A sharp learning curve isn’t the only hill that Microsoft has to fight with its latest operating system; the mindset of how the company sees the computing future has to be worked into the public.

For most consumers there are three main devices: tablets, notebooks, and smartphones. Each device is in a different price category - $800 for a notebook and $400 for a tablet isn’t an uncommon thought. When Microsoft Windows 8 first hit shelves, the company’s dream of a hybrid device wasn’t cheap and people had to first be convinced that $1300 was really what they wanted to spend and what they actually needed – the idea of a “two in one device” had not fully been set into the mindset of purchasers. As we move forward, touchscreen laptops are coming down in price to as low as $399. Hybrids are also moving down and can be purchased for under $999 (my top recommendation – the Lenovo IdeaPad YOGA).

Microsoft’s future mindset of a hybrid world might be getting closer to a reasonable price point and consumers might be starting to understand the benefits of paying a bit more for one device that acts as two, but one last hurdle that stands in the company’s way is hardware.

The Hardware Limitations

The dream of creating an all in one computing device for endurance typing sessions, hardcore productivity, and kick back relaxation isn’t as easy as it may seem. Let’s take a look at the two hardware categories side by side and what we desire out of each. From a tablet, we expect a thin, small, and light device with extremely long battery life. From a laptop, we expect around the same with a little more bulk and a little less battery life which we sacrifice for increased power and performance. The ideal hybrid device for Microsoft’s future, a powerful tablet that is light and has outstanding battery life, just does not exist at this time.

Windows 8 hybrid devices can generally be broken up into two categories: Those that run lower power Intel Atom chips and obtain around ten hours of battery life, and those that run more powerful Intel Core chips and obtain around five hours of battery life.
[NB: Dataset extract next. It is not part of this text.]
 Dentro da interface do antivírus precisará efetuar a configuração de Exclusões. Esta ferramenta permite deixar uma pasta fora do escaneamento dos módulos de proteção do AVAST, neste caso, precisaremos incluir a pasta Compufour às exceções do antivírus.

From a technology standpoint we are not in a position where the ultimate high power tablet with tons of a battery life and a thin frame exists. For those of you screaming about Windows RT devices – the OS is dead and we will cover that in another editorial from yours truly.
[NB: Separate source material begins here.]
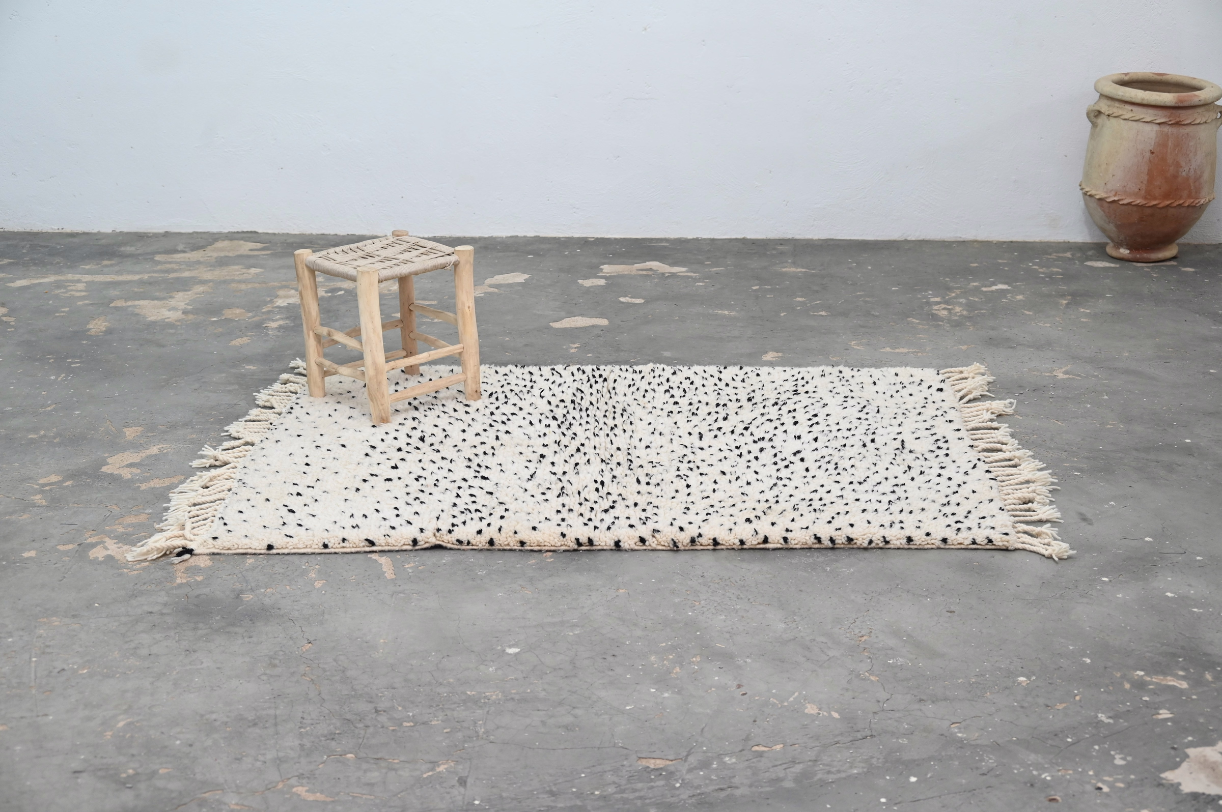 A textile of uncommon presence from the Azilal region of the Middle Atlas. Measuring 172 × 125 cm, this piece represents the intersection of ancestral technique and contemporary restraint—a piece for interiors that value substance over statement.

Just because Windows 8 hybrid devices aren’t currently obtaining the dream, doesn’t mean they never will. Intel’s latest microchip architecture, Haswell, promises to bring high performance and longer battery life to devices. Do I personally think that Haswell will be the answer for the ultimate Windows 8 hybrid? No, I do not, but it brings us closer to where we want to be. Maybe one or two more steps down the Intel microarchitecture roadmap will bring us to that future, but we aren’t there yet.

What does this mean for the consumer? Is Windows 8 a failure of an operating system? Are hybrid devices to be avoided until the technology can be improved?

The ultimate answer to all these questions is that Windows 8 isn’t a failure of an operating system – it is simply an unfinished dream and an unfinished fight. Microsoft put the bet of Windows 8 and their dream of an ultimate device into a landscape where the proper hardware was not yet available.

For those searching for the ultimate Windows 8 devices there are currently two options: Either grab both a touchscreen tablet and an Ultrabook to enjoy the best of both worlds or grab a hybrid that will sacrifice either processing power or battery life. For myself personally, I picked the former with my ThinkPad X1 Carbon Ultrabook and ThinkPad Tablet 2.

As we move forward into the future, we expect more people to adopt and become familiar with Microsoft’s latest operating system and for Intel to continue their development on more powerful, yet lower energy consuming, microprocessors. The battle for Microsoft and their Windows 8 operating system is an uphill one, but we do see success on the horizon for a company that dared to be bold.